T-Tests

This document uses the ToothGrowth dataset readily available in R. The dataset contains information on the effect of vitamin C on tooth growth in Guinea Pigs.

Terms that are highlighted are defined at the bottom of the document.

library(pander)
library(ggplot2)
library(dplyr)

What is a t-test?

A t-test is a type of inferential statistic used to determine if there is a significant difference between the means of two groups (which generally are related in certain features).

A Normal Distribution

A t-test is most commonly applied when the test statistic would follow a normal distribution if the value of a scaling term in the test statistic were known. This is not always the case but we will get to non-normal distributions later.

hist(ToothGrowth$len, main = "Tooth Length: Histogram", xlab = "Length")

The histogram above appears to have a normally distributed bell curve. To be certain, run the Shapiro-Wilk test of normality.

Shapiro-Wilk test of Normality

The Shapiro-Wilk test for normality is a general normality test designed to detect all departures from normality. It is comparable in power to the other two tests. The test rejects the hypothesis of normality when the p-value is less than or equal to 0.05.

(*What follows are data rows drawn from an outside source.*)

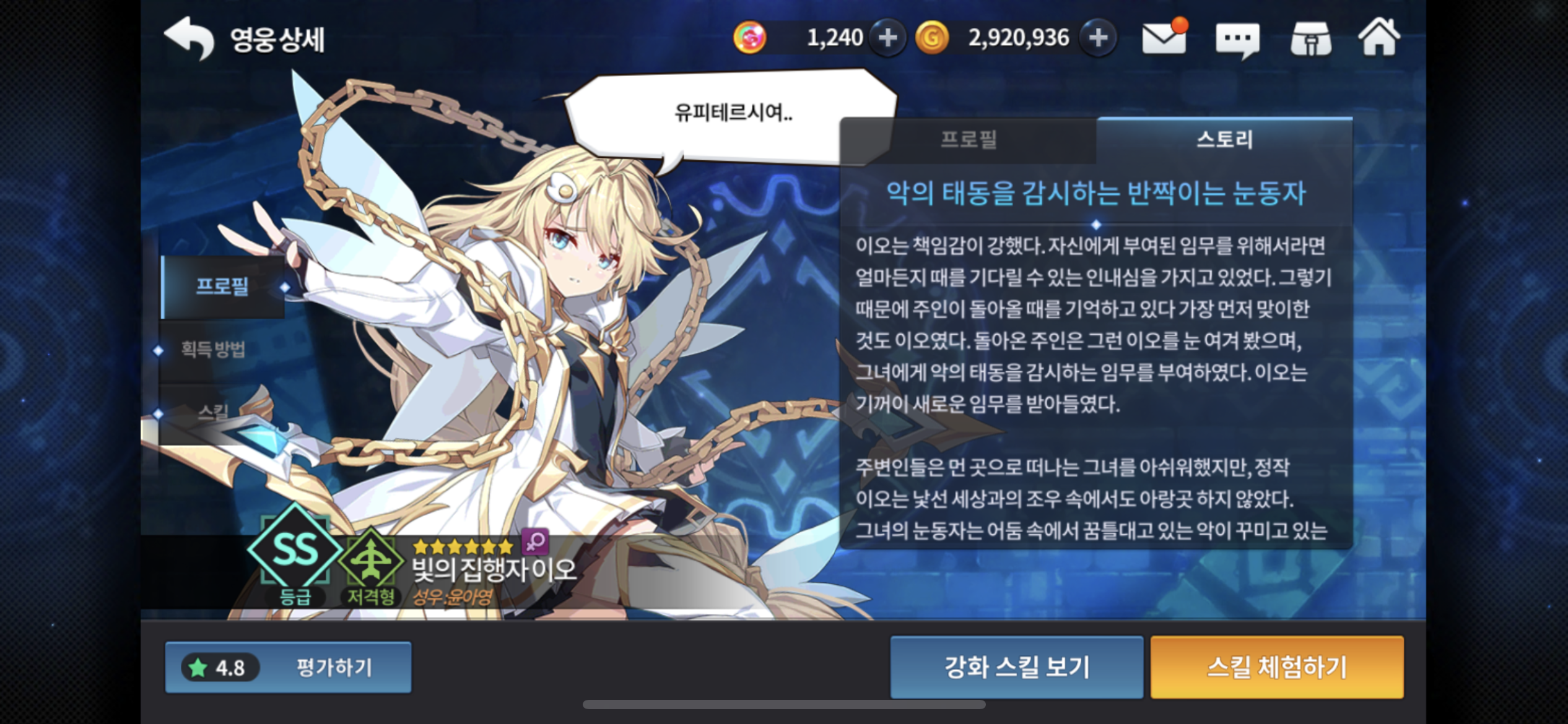 이오와 같이 SS영웅 선택권으로는 뽑을 수 없지만 뉴비분들은 꼭 갖춰두시는 것을 추천드립니다.
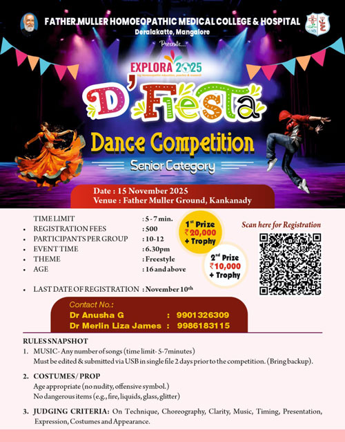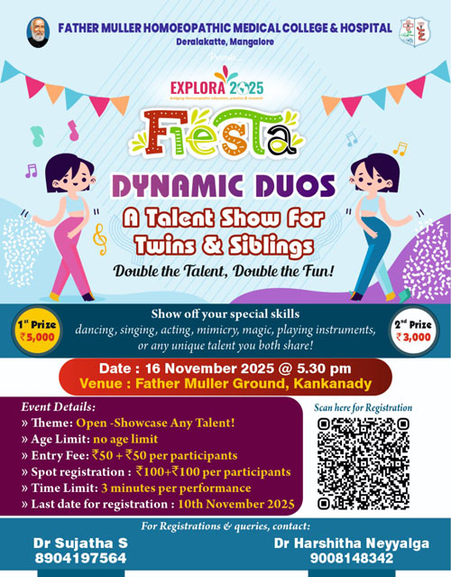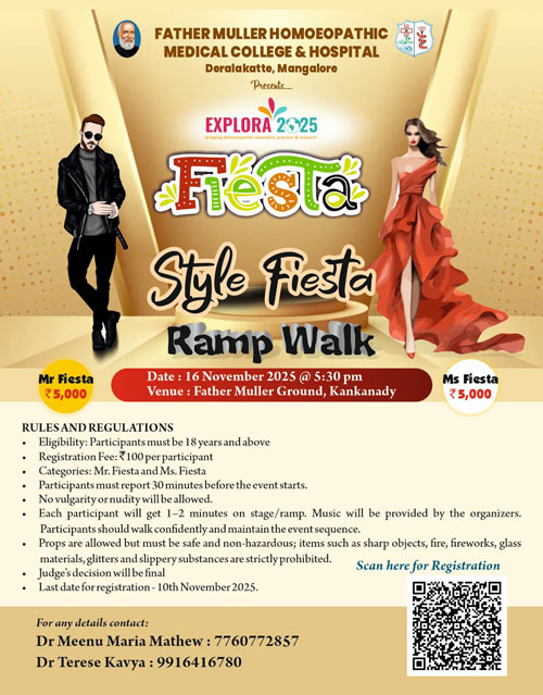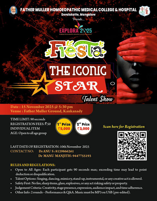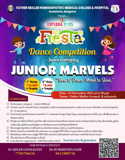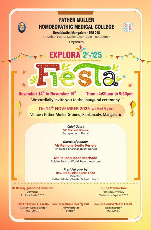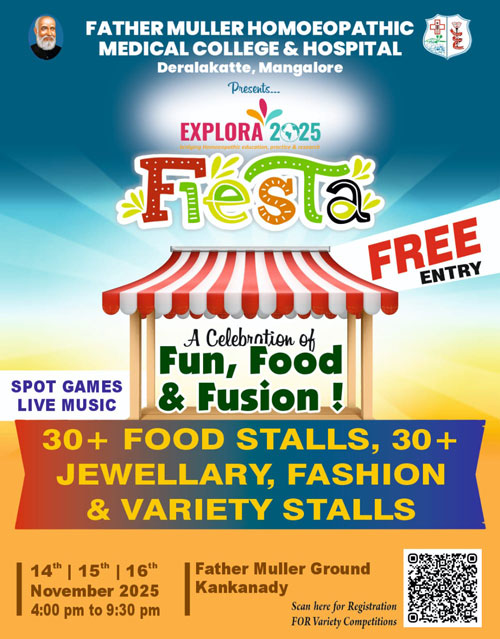 Mangaluru, Nov 12: Adding colour and vibrancy to the conference week, Father Muller Homoeopathic Medical College and Hospital (FMHMC&H) has announced Explora Fiesta 2025, a three-day cultural and public festival to be held from November 14 to 16, between 4:30 pm and 9 pm at the Father Muller Grounds, Kankanady.
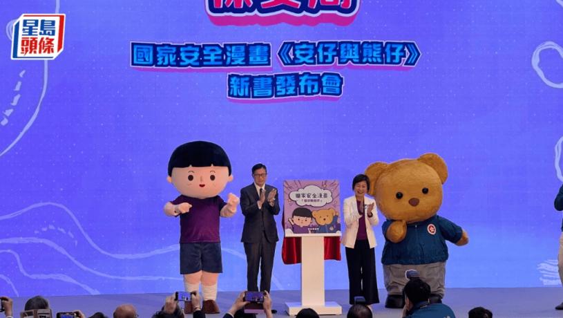 由保安局推出國家安全漫畫《安仔與熊仔》正式出版!「安仔」、「保安熊」今午(15日)在大角咀舉辦見面會,並發布新書,獲保安局局長鄧炳強及教育局局長蔡若蓮鼎力支持,大會更首次透露原來整個漫畫系列的主策劃人正是鄧炳強!

shapiro <- shapiro.test(ToothGrowth$len)
pander(shapiro)

Shapiro-Wilk normality test: `ToothGrowth$len`
Test statistic	P value
0.9674	0.1091

The p-value for the Shapiro-Wilk test of Normality in the Toothgrowth dataset is > 0.05. Therefore, it is suitable for our t-test.

Visualization

ggplot(ToothGrowth, aes(x = ToothGrowth$supp, y = ToothGrowth$len, fill = ToothGrowth$supp)) +
  geom_violin() +
  labs(title = "Vitamin C Supplement Effects on Guinea Pig Tooth Growth", x = "Supplement", y = "Tooth Length",
       fill = "Toothgrowth") +
  theme_bw()

Running the tests

When running the test, quantitative variables are measured against two groups. In this case, the test is seeking to view if two different vitamin C supplements produce tooth length that is significantly different in length means.

header <- head(ToothGrowth)
pander(header)

len	supp	dose
4.2	VC	0.5
11.5	VC	0.5
7.3	VC	0.5
5.8	VC	0.5
6.4	VC	0.5
10	VC	0.5

One sided t-test

With the one sided t-test, we are testing to see if the mean value is equal to a certain number. For example, the mean value of the tooth length from the ToothGrowth dataset is…

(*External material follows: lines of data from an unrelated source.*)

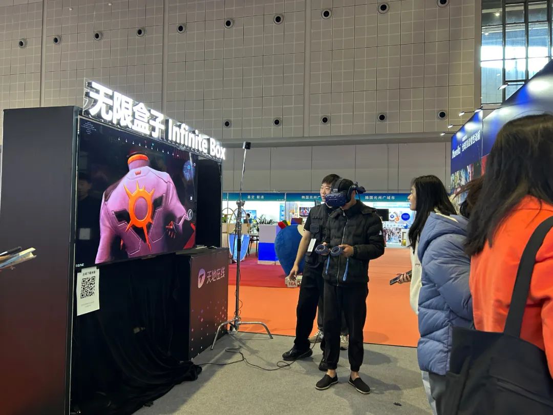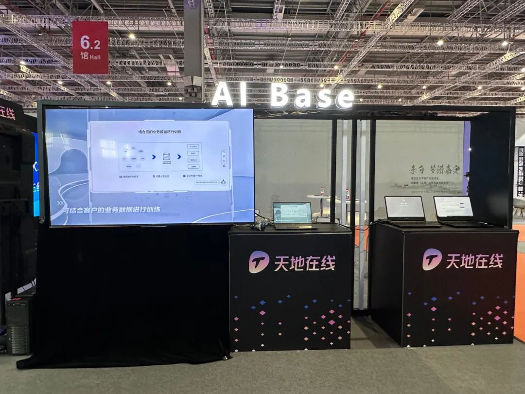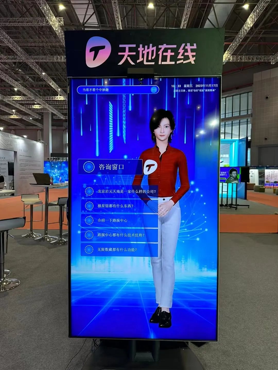 在长三角文博会上,天地在线展示了多个重点项目,包括AIbase智能AI、VR演示无限盒子、星河AI数字人(2.5D)、AI数字人(一体机)互动、XR技术、以及动捕技术(实时动捕数字人)等。
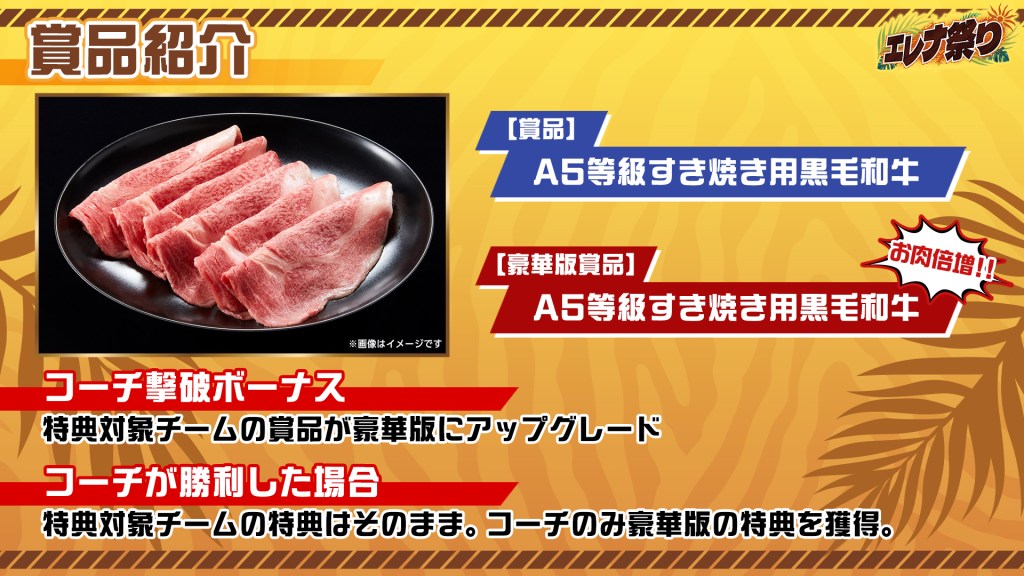勝利チームには「A5等級すき焼き用黒毛和牛」を贈呈させていただきます。
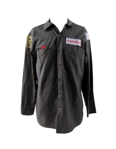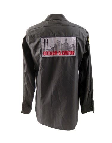 Batman Forever 1995 - Gotham Elevator operator jacket. Grey, long sleeve button front with multiple patches.
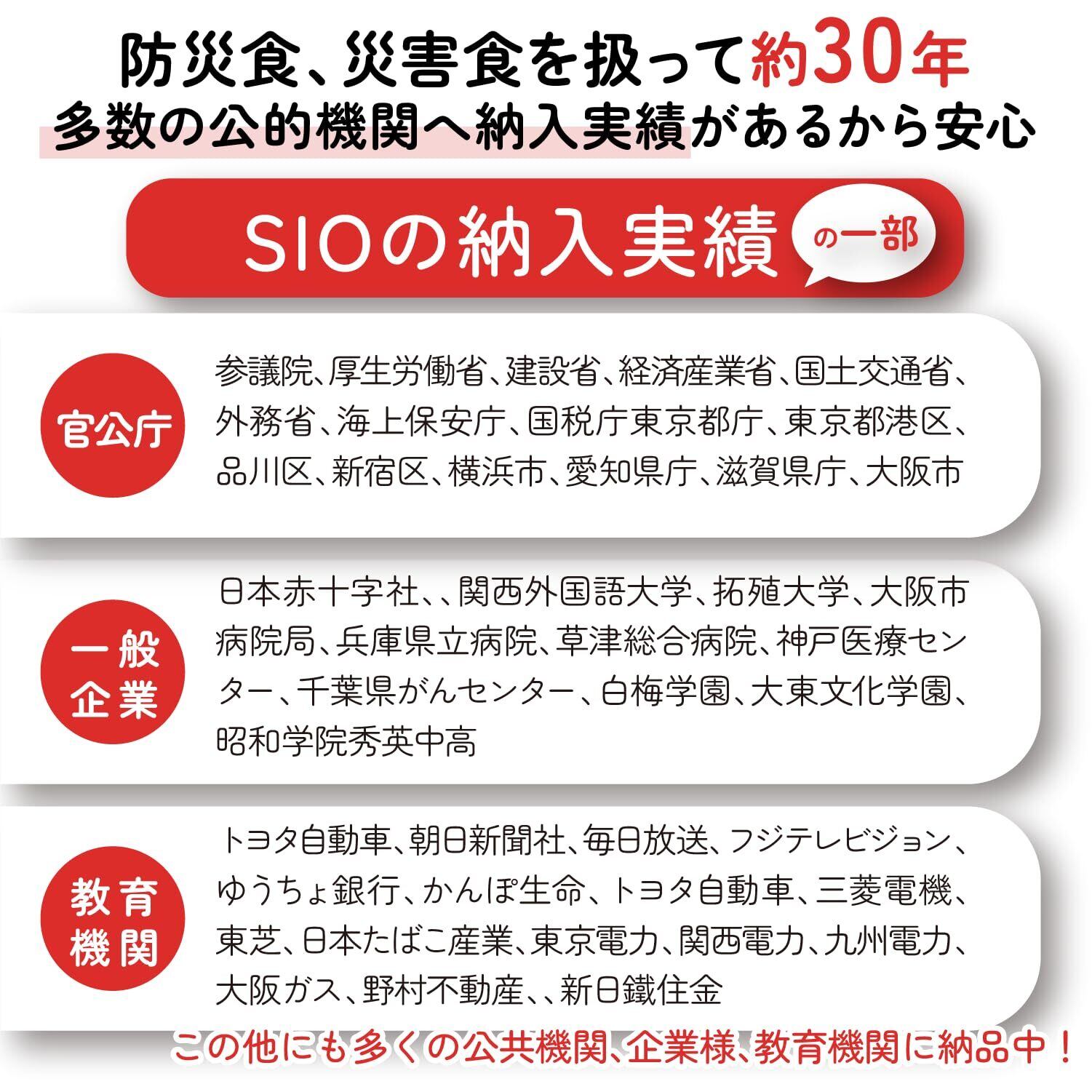 官公庁や大手企業、学校、病院など2,000施設以上への納入実績があり、大変ご好評いただいております。※当社製品の全体実績 その場deパスタ トマトは災害食大賞2022 お米・炭水化物部門にて【優秀賞】を獲得しました!
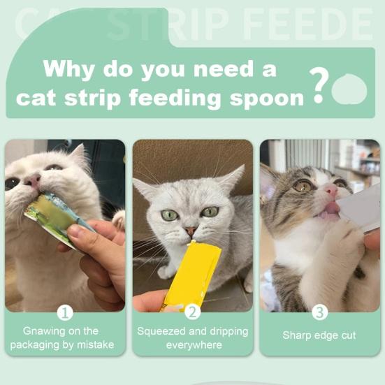Удобный дизайн: Упростите процедуру кормления с помощью интуитивно понятного дизайна ложки Cat Strip Squeeze Scoop.. Вставьте полоску в держатель, снимите пломбу, закрепите зажимом и легко выдавайте продукты, сдвинув зажим.. Наслаждайтесь беспроблемным кормлением, которое улучшает уход за домашними животными.

pander(mean(ToothGrowth$len))

18.81

Now that we know the mean value of the dataset, we can run a One sided t-test to measure if the mean average is 18.81.

t <- t.test(ToothGrowth$len, mu = 18)
pander(t)

One Sample t-test: `ToothGrowth$len`
Test statistic	df	P value	Alternative hypothesis	mean of x
0.8236	59	0.4135	two.sided	18.81

The result of the t-test when specifying the mean average is greater than 0.05. This would mean we accept our null hypothesis that the mean tooth length is 18.

As an example, lets see if the average is greater than 5.

pander(t.test(ToothGrowth$len, alternative = "greater", mu = 5))

One Sample t-test: `ToothGrowth$len`
Test statistic	df	P value	Alternative hypothesis	mean of x
13.99	59	1.079e-20 * * *	greater	18.81

The p-value, being far less than 0.05, lets us know that our mean tooth length is greater than 5.

Setting up the function

Function = t.test(Dataset, alternative = “greater” “less” or “two.sided”, mu = mean average of testing)

Two sided t-test

A two sided t-test, unlike the one sided test, is looking for a difference in the means of two populations.

The null hypothesis is as follows:

H0: There is no difference in the population means of the two groups. (Hint: A p-value of less than 0.05 would mean there is a difference.)

OJ <- ToothGrowth$len[ToothGrowth$supp == "OJ"]
VC <- ToothGrowth$len[ToothGrowth$supp == "VC"]
tt <- t.test(OJ,VC, paired = FALSE, var.equal = FALSE, conf.level = 0.95)
pander(tt)

Welch Two Sample t-test: `OJ` and `VC`
Test statistic	df	P value	Alternative hypothesis	mean of x	mean of y
1.915	55.31	0.06063	two.sided	20.66	16.96